● **Exercise instructions**
All entries are to be copied verbatim, while the pictures stay out.
═════ Excerpted data ═════
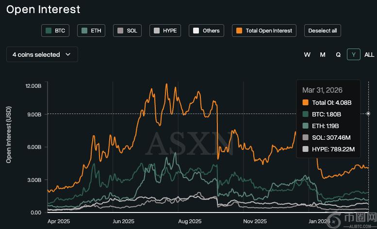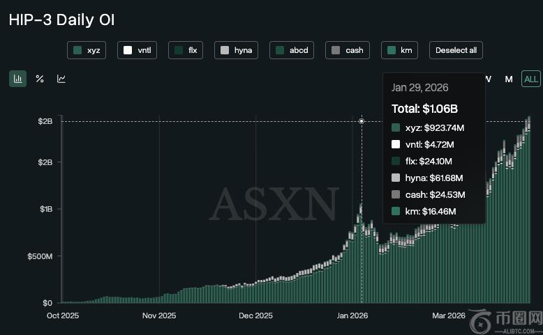 受此影响,HIP-3的OI持续攀升,3月1日再度突破10亿美元,并于3月31日达到20亿美元,月内增长超100%。此时,其占平台总OI比例已超过50%,超越BTC合约(18亿美元)与ETH合约(11.9亿美元),成为核心驱动力。
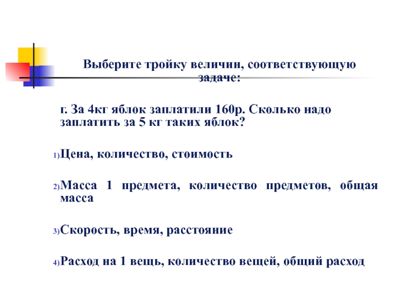 Слайд 13Выберите тройку величин, соответствующую задаче:
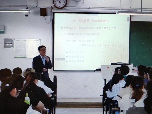 石慶海老師的授課主題是“習(xí)近平新時(shí)代中國(guó)特色社會(huì)主義思想創(chuàng)立背景”。他通過回顧黨的十九大報(bào)告的相關(guān)論述,告訴同學(xué)們中國(guó)特色社會(huì)主義進(jìn)入新時(shí)代,既是我國(guó)發(fā)展新的歷史方位,也是我們新的“趕考之路”,從而自然導(dǎo)入本次授課主題。他從新的歷史方位、新的理論要求、新的治理成就三個(gè)方面回答了什么叫新時(shí)代,中國(guó)特色社會(huì)主義是如何進(jìn)入新時(shí)代的兩個(gè)問題。在對(duì)這兩個(gè)問題的解答中,逐步闡述清楚了中國(guó)特色社會(huì)主義進(jìn)入新時(shí)代的社會(huì)歷史條件,展現(xiàn)了石老師深厚的專業(yè)理論功底。
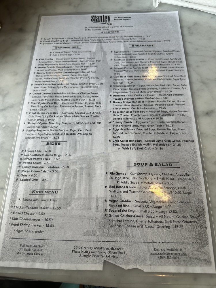 Located in New Orleans, Stanley offers a delightful menu of Breakfast & Brunch options. From the mouthwatering Bananas Foster French Toast to the savory Breaux Bridge Benedict, every dish is a culinary masterpiece. The Corned Beef Hash and Eggs Benedict are also highly recommended. For salads & soups, don't miss the Chicken and Alligator Sausage Gumbo or the Hearts of Romaine Salad. The sandwiches at Stanley are a must-try, especially the Club Stanley and the Oyster Poor Boy. With options for vegan and limited vegetarian diets, Stanley caters to all tastes. The cozy atmosphere, outdoor seating, and friendly staff make dining here a truly enjoyable experience. Make sure to stop by Stanley for a delicious meal that will leave you coming back for more.
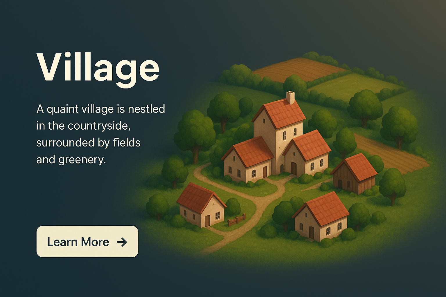 A beautifully designed 3D illustration of a quaint village surrounded by lush greenery and fields. The scene captures a peaceful rural atmosphere.
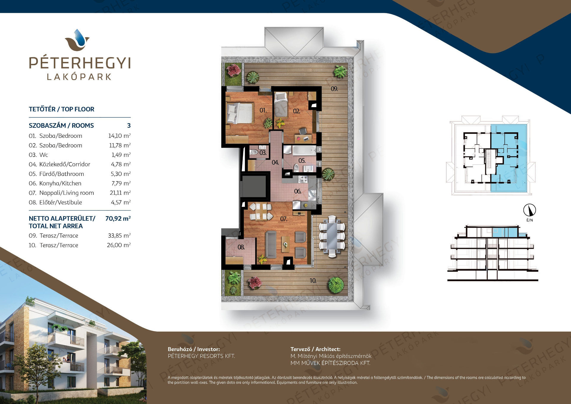 Az alaprajz praktikus és élhető: a lakás 3 szobából áll, amelyek közül a nappali–étkező–konyha tágas központi élettérként szolgál, míg a hálószobák szeparáltan helyezkednek el, biztosítva a privát szférát. A 1 fürdőszoba a mindennapok kényelmét szolgálja, a 70.92 m²-es terasz/erkély pedig tökéletes helyszínt kínál egy reggeli kávéhoz vagy esti kikapcsolódáshoz. A lakás teljes alapterülete 59.85 m², amelyet praktikus elrendezés és jól kihasználható terek jellemeznek.
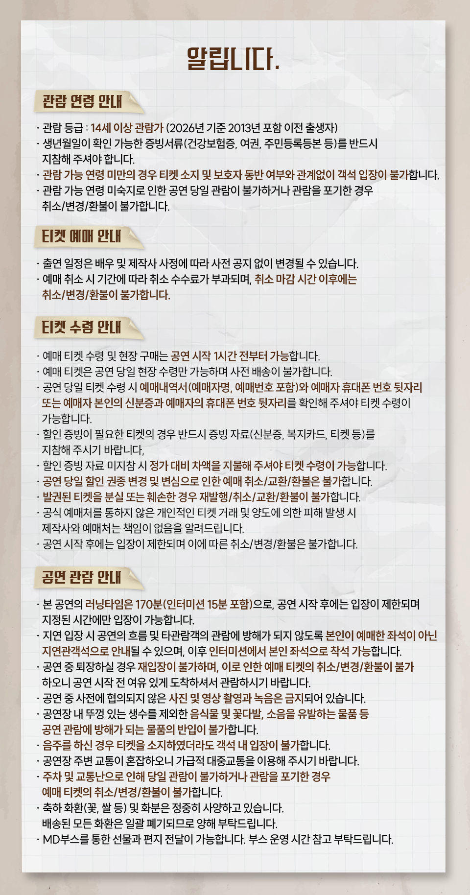 - 관람일 2일전 ~ 취소기한까지: 티켓금액의 30%
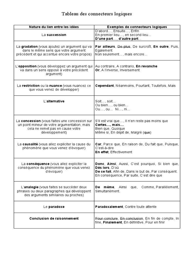 Tableau Des Connecteurs Logiques Pdf
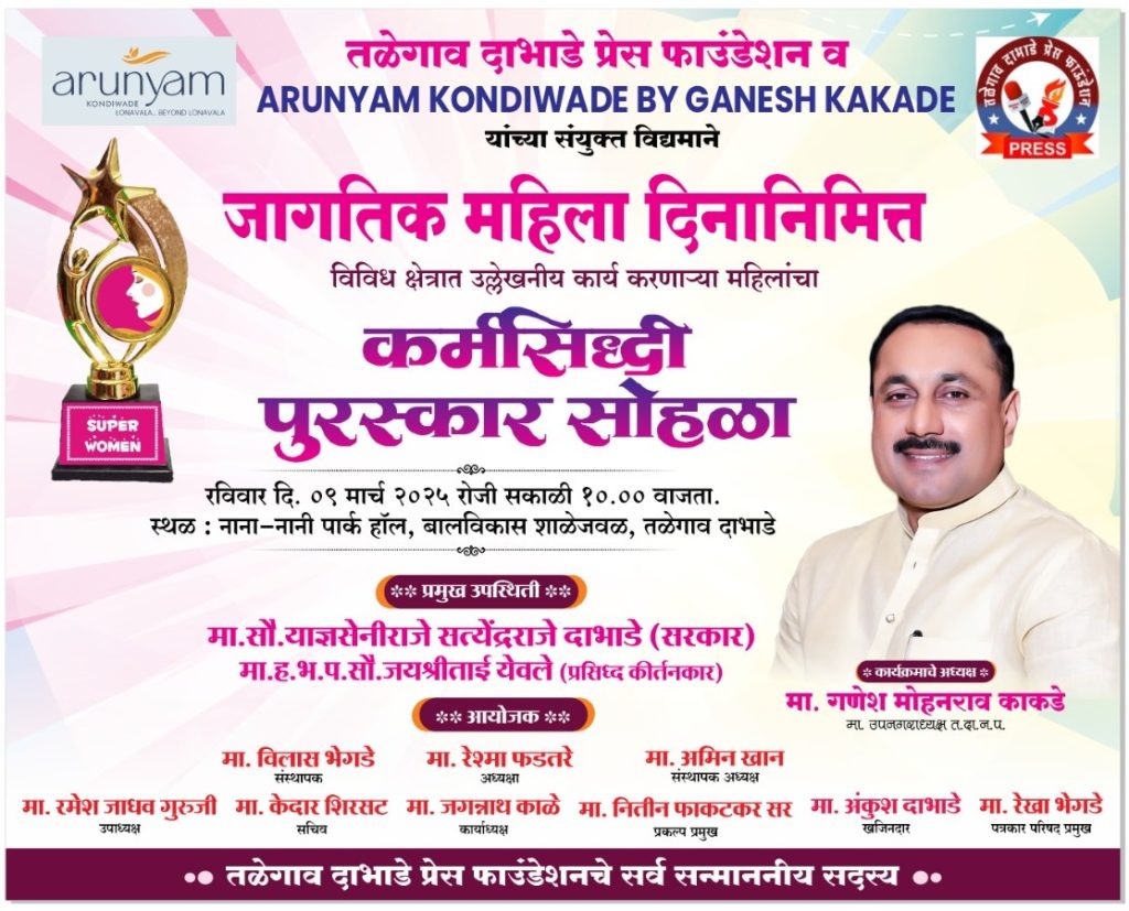तळेगाव दाभाडे प्रेस फाउंडेशन आणि अरुण्यम् कोंडीवडे यांच्या संयुक्त विद्यमाने कर्मसिद्धी पुरस्काराने होणार महिलांचा सन्मान
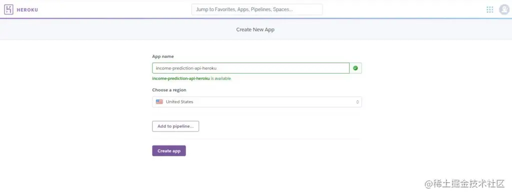 在第6步,我们将登录Heroku并创建一个新的应用程序,这里是收入预测-api-heroku。
═════
● **Response**
 受此影响,HIP-3的OI持续攀升,3月1日再度突破10亿美元,并于3月31日达到20亿美元,月内增长超100%。此时,其占平台总OI比例已超过50%,超越BTC合约(18亿美元)与ETH合约(11.9亿美元),成为核心驱动力。
 Слайд 13Выберите тройку величин, соответствующую задаче:
 石慶海老師的授課主題是“習(xí)近平新時(shí)代中國(guó)特色社會(huì)主義思想創(chuàng)立背景”。他通過回顧黨的十九大報(bào)告的相關(guān)論述,告訴同學(xué)們中國(guó)特色社會(huì)主義進(jìn)入新時(shí)代,既是我國(guó)發(fā)展新的歷史方位,也是我們新的“趕考之路”,從而自然導(dǎo)入本次授課主題。他從新的歷史方位、新的理論要求、新的治理成就三個(gè)方面回答了什么叫新時(shí)代,中國(guó)特色社會(huì)主義是如何進(jìn)入新時(shí)代的兩個(gè)問題。在對(duì)這兩個(gè)問題的解答中,逐步闡述清楚了中國(guó)特色社會(huì)主義進(jìn)入新時(shí)代的社會(huì)歷史條件,展現(xiàn)了石老師深厚的專業(yè)理論功底。
 Located in New Orleans, Stanley offers a delightful menu of Breakfast & Brunch options. From the mouthwatering Bananas Foster French Toast to the savory Breaux Bridge Benedict, every dish is a culinary masterpiece. The Corned Beef Hash and Eggs Benedict are also highly recommended. For salads & soups, don't miss the Chicken and Alligator Sausage Gumbo or the Hearts of Romaine Salad. The sandwiches at Stanley are a must-try, especially the Club Stanley and the Oyster Poor Boy. With options for vegan and limited vegetarian diets, Stanley caters to all tastes. The cozy atmosphere, outdoor seating, and friendly staff make dining here a truly enjoyable experience. Make sure to stop by Stanley for a delicious meal that will leave you coming back for more.
 A beautifully designed 3D illustration of a quaint village surrounded by lush greenery and fields. The scene captures a peaceful rural atmosphere.
 Az alaprajz praktikus és élhető: a lakás 3 szobából áll, amelyek közül a nappali–étkező–konyha tágas központi élettérként szolgál, míg a hálószobák szeparáltan helyezkednek el, biztosítva a privát szférát. A 1 fürdőszoba a mindennapok kényelmét szolgálja, a 70.92 m²-es terasz/erkély pedig tökéletes helyszínt kínál egy reggeli kávéhoz vagy esti kikapcsolódáshoz. A lakás teljes alapterülete 59.85 m², amelyet praktikus elrendezés és jól kihasználható terek jellemeznek.
 - 관람일 2일전 ~ 취소기한까지: 티켓금액의 30%
 Tableau Des Connecteurs Logiques Pdf
तळेगाव दाभाडे प्रेस फाउंडेशन आणि अरुण्यम् कोंडीवडे यांच्या संयुक्त विद्यमाने कर्मसिद्धी पुरस्काराने होणार महिलांचा सन्मान
 在第6步,我们将登录Heroku并创建一个新的应用程序,这里是收入预测-api-heroku。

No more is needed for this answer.